##### Source data

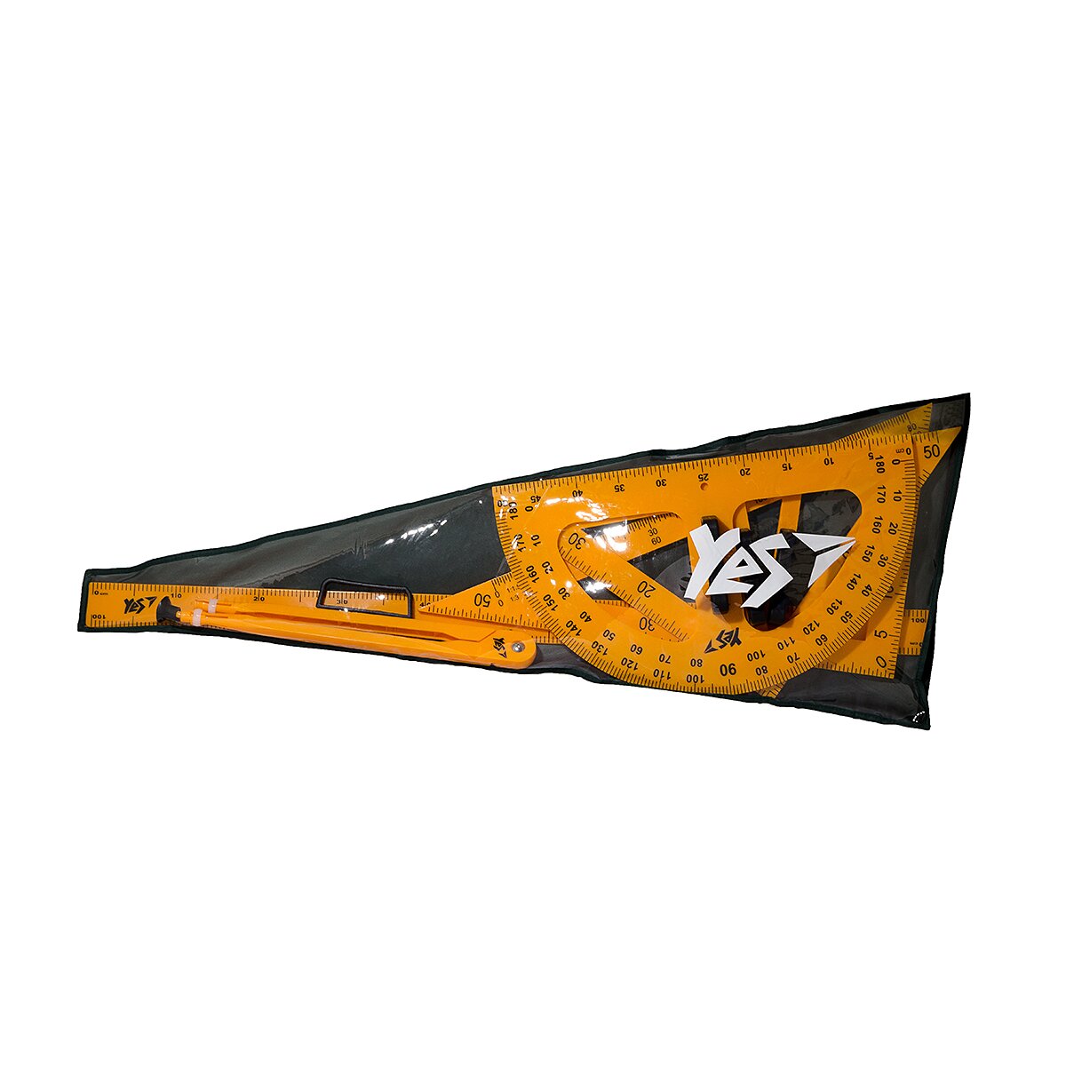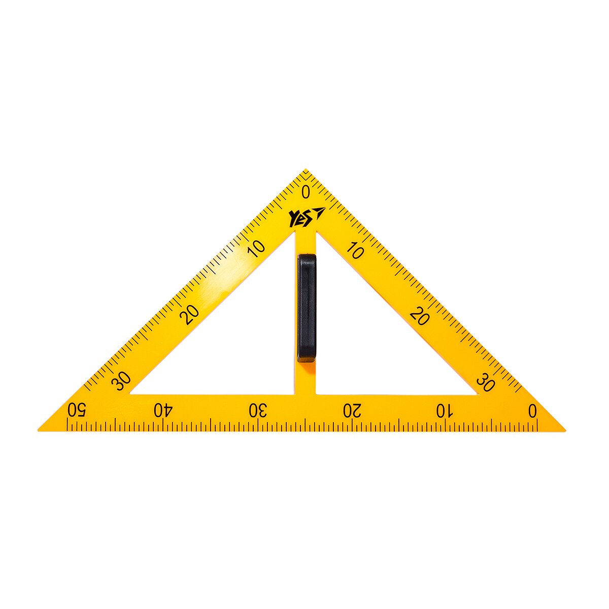 Набор измерительных предметов для доски из 5 предметов: линейка 100 см, транспортир, равнобедренный и прямоугольный треугольники, циркуль.
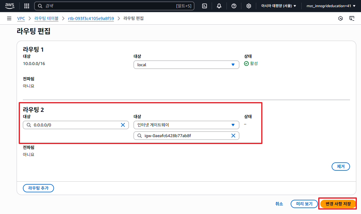 라우팅 테이블을 생성하고 인터넷 게이트웨이로의 라우팅을 추가
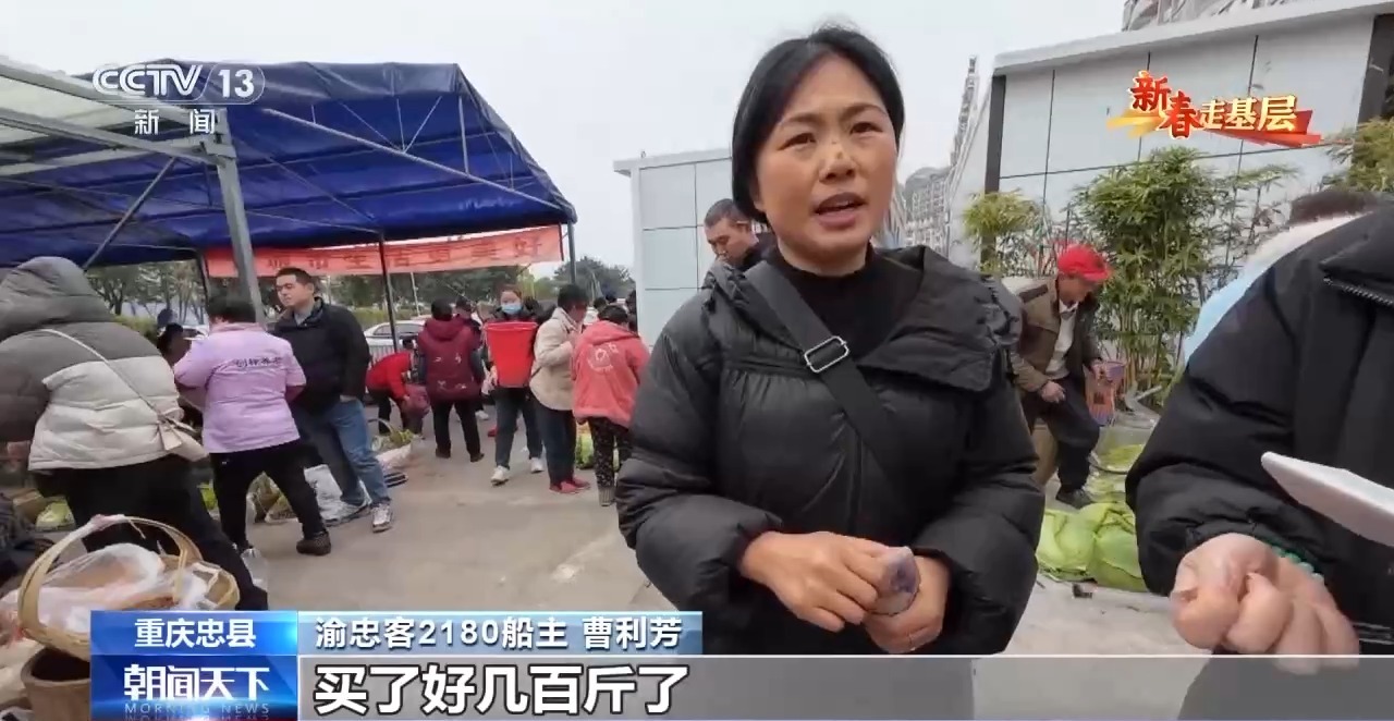 “渝忠客2180”船主 曹利芳:買(mǎi)了好多了,幫著買(mǎi)了好幾百斤了,好多網(wǎng)友他們想要吃這邊的農(nóng)家菜,所以叫我們幫他買(mǎi)了然后寄過(guò)去。
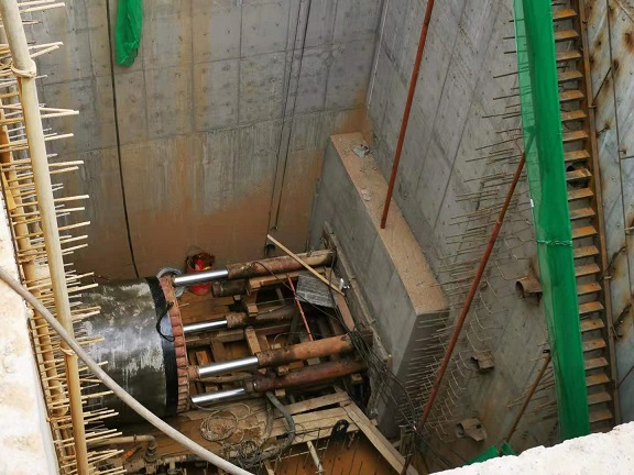 施工現(xiàn)場機(jī)器轟鳴,說話需要提高分貝。一進(jìn)入施工現(xiàn)場,就看到前方有一個沉井,沉井20米深、13.4*7.3米間方,這個沉井是挖掘井,在河的對岸還有一個深15.5米的接收井。從沉井圍欄邊看井底,下邊的工作人員都顯得特別的渺小,20米深的井相當(dāng)于6層樓高,恐高的人都不敢往下看。
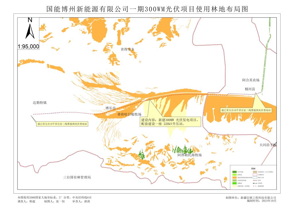 国能博州新能源有限公司一期300MW光伏项目配套附属工程拟使用林地选址具体位置如图所示:

##########

## Task goal
Give back all the records as they stand, but with no pictures in the copy.

## Your response
 Набор измерительных предметов для доски из 5 предметов: линейка 100 см, транспортир, равнобедренный и прямоугольный треугольники, циркуль.
 라우팅 테이블을 생성하고 인터넷 게이트웨이로의 라우팅을 추가
 “渝忠客2180”船主 曹利芳:買(mǎi)了好多了,幫著買(mǎi)了好幾百斤了,好多網(wǎng)友他們想要吃這邊的農(nóng)家菜,所以叫我們幫他買(mǎi)了然后寄過(guò)去。
 施工現(xiàn)場機(jī)器轟鳴,說話需要提高分貝。一進(jìn)入施工現(xiàn)場,就看到前方有一個沉井,沉井20米深、13.4*7.3米間方,這個沉井是挖掘井,在河的對岸還有一個深15.5米的接收井。從沉井圍欄邊看井底,下邊的工作人員都顯得特別的渺小,20米深的井相當(dāng)于6層樓高,恐高的人都不敢往下看。
 国能博州新能源有限公司一期300MW光伏项目配套附属工程拟使用林地选址具体位置如图所示:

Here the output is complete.